Here is some more scary stuff from the US.
In my opinion, and as I have made the case for several years, this market
is too high compared to historical trends of value. In my opinion, it has
much further to go on the downside. But secular bear markets do not go
straight down to "fair value." It takes years of going down, with large
rallies back up and then more down before the bottom is finally reached. At
every step, there are advisors and investors who decide that "now" is a
good time to invest. There is no mass consensus.
Remember, over half the years within a secular bear market cycle are up
years, and most of those are up by 20% or more. As the fairly bearish Dan
Denning wrote in Strategic Investment today: "...confidence can be a heady
thing. If Hussein ends up dead and Osama bin Laden is captured, look for
10,000 on the Dow in short order. Euphoria is a powerful emotion."

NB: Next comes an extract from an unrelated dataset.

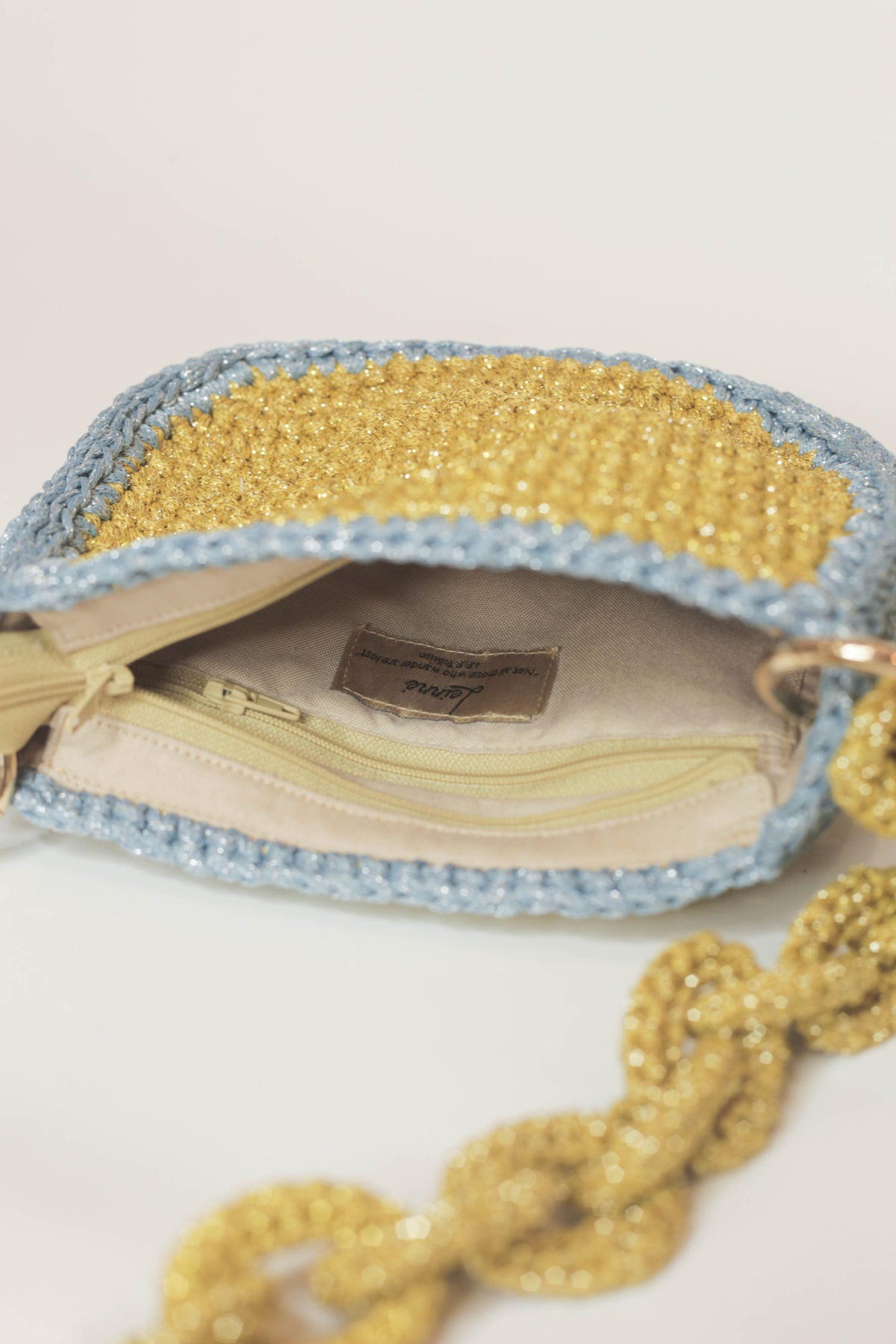 Phiên bản mini của chiếc túi Madeleine là thiết kế hoàn hảo để đưa sức sống của màu sắc vào bộ trang phục. Lấy cảm hứng từ những màu sắc vui tươi của những tiệm bánh ở Paris, thiết kế đưa bạn đến những ngày hè rực rỡ và tràn đầy niềm vui. Những sợi len lấp lánh màu vàng và xanh lam bắt ánh nắng, tạo hiệu ứng lung linh theo từng bước đi.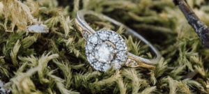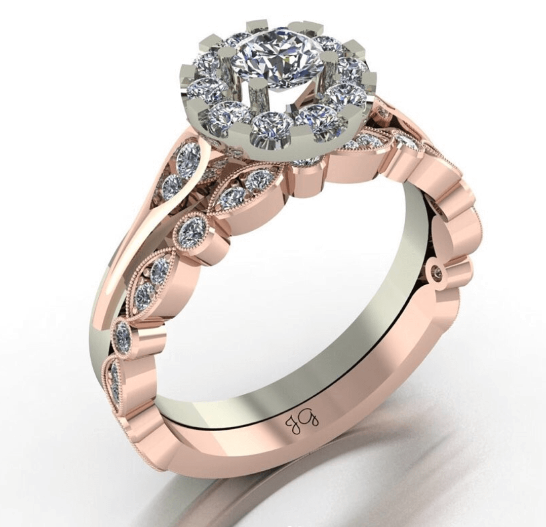 Ryan came to me to design Caity’s bespoke engagement ring last year. As he’s based in Canada, we did all the designing via email and Skype. He had a good idea of what she liked so was confident to design it as a surprise. The end result was this stunning platinum, and 18ct rose gold ring with a diamond cluster setting, as photographed by their photographer during their engagement shoot.

Those who feel the market is over-valued have ample justifications. You can
go to Standard and Poor's website and look at their valuations. If you take
pro forma earnings (that is Earnings Before Interest and Hype) the current
P/E ratio is 18, which is high, but certainly within historical norms. But
if you look at actual "as reported" earnings, the P/E ratio jumps to 30.29.
That is in nose-bleed territory to the historical average of 15.
If you look at core earnings, the number is over 35. Core earnings subtract
options expense and pension fund overstatements. The new accounting
standards will probably mandate firms to start subtracting these items, so
the core earnings P/E ratio is a number that is increasingly going to be
seen by the investor.
Not fair, say the bulls. To get true historical comparisons, you have to
compare apples to apples. The new standards distort the actual
profitability of a company, and give us no fair historical comparison.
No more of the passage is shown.